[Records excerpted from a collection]

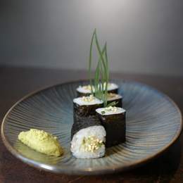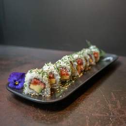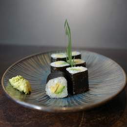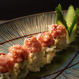 Hosomaki de aguacate tempurizado con tartar de atún semi picante
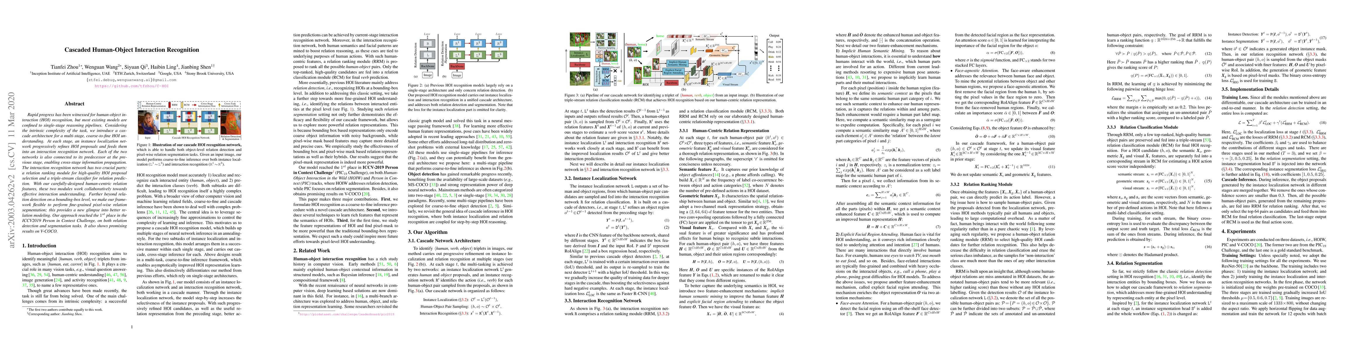 This paper proposes a cascaded architecture for human-object interaction recognition, featuring a multi-stage, coarse-to-fine reasoning process. The framework includes an instance localization network and an interaction recognition network, with cross-stage information propagation and a relation ranking module for proposal selection, achieving top results in the ICCV2019 Person in Context Challenge.
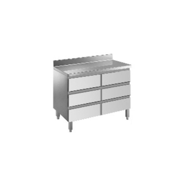 Realizat din otel inox AISI 304 cu finisaj Scotch Brite. Este prevazut cu blat de lucru si structura fono-absorbanta si ranforsata. Rebord 100 mm. Picioare tubulare 40 x 40 mm reglabile pe inaltime. Poate fi accesorizat cu rotile.
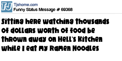 - # 66734 Sitting here watching thousands of dollars worth of food be thrown away on Hell's Kitchen while I eat my Ramen.
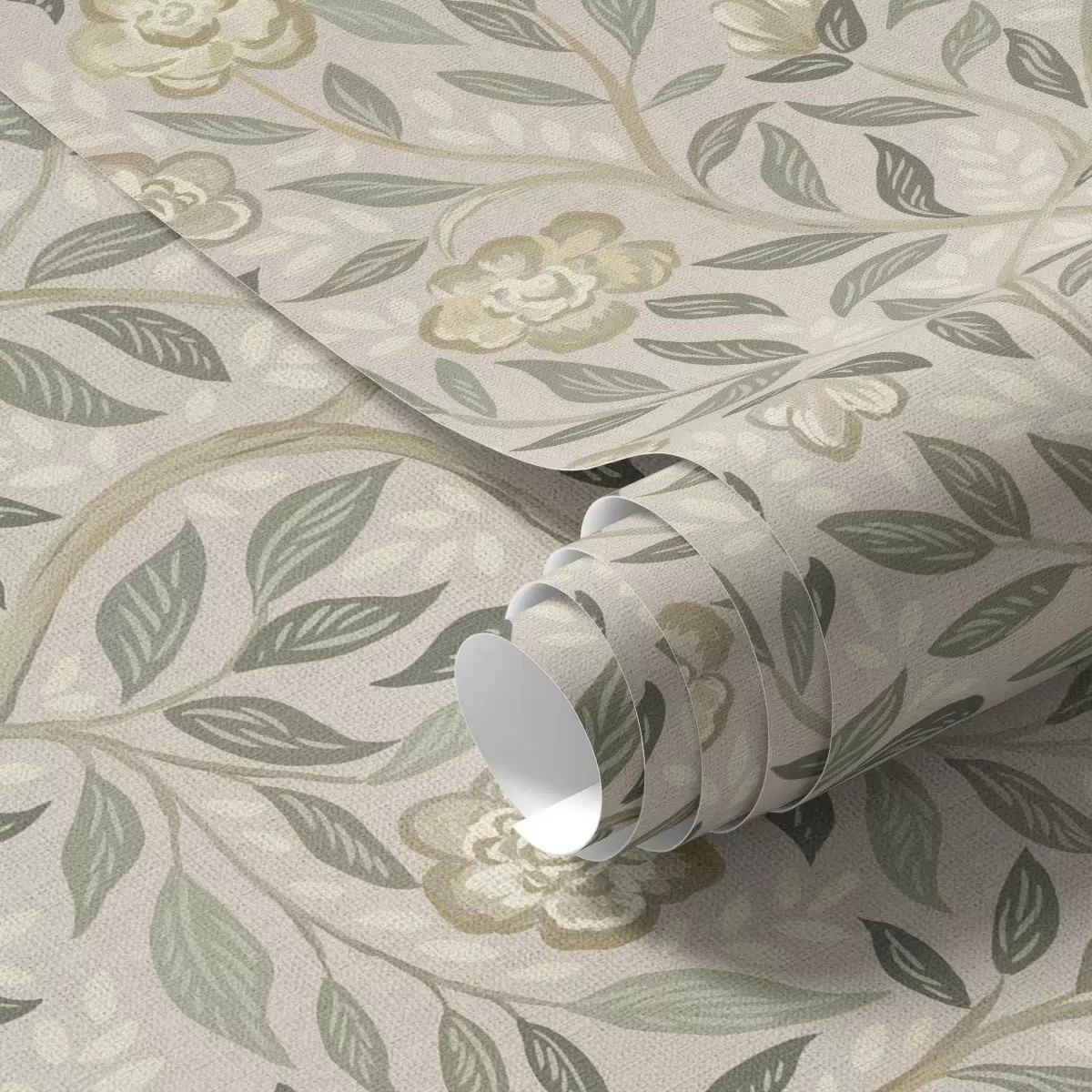 Tapeta Kremaste vrtnice in oljčni listi na prašno rožnatem ozadju Št. a00455

### [REQUIREMENT]
Pictures stay out of this copy. Retype exactly the lines from the one with "Realizat din otel" through the last line of the data, both ends included, and nothing more.

### [ANSWER BELOW]
 Realizat din otel inox AISI 304 cu finisaj Scotch Brite. Este prevazut cu blat de lucru si structura fono-absorbanta si ranforsata. Rebord 100 mm. Picioare tubulare 40 x 40 mm reglabile pe inaltime. Poate fi accesorizat cu rotile.
 - # 66734 Sitting here watching thousands of dollars worth of food be thrown away on Hell's Kitchen while I eat my Ramen.
 Tapeta Kremaste vrtnice in oljčni listi na prašno rožnatem ozadju Št. a00455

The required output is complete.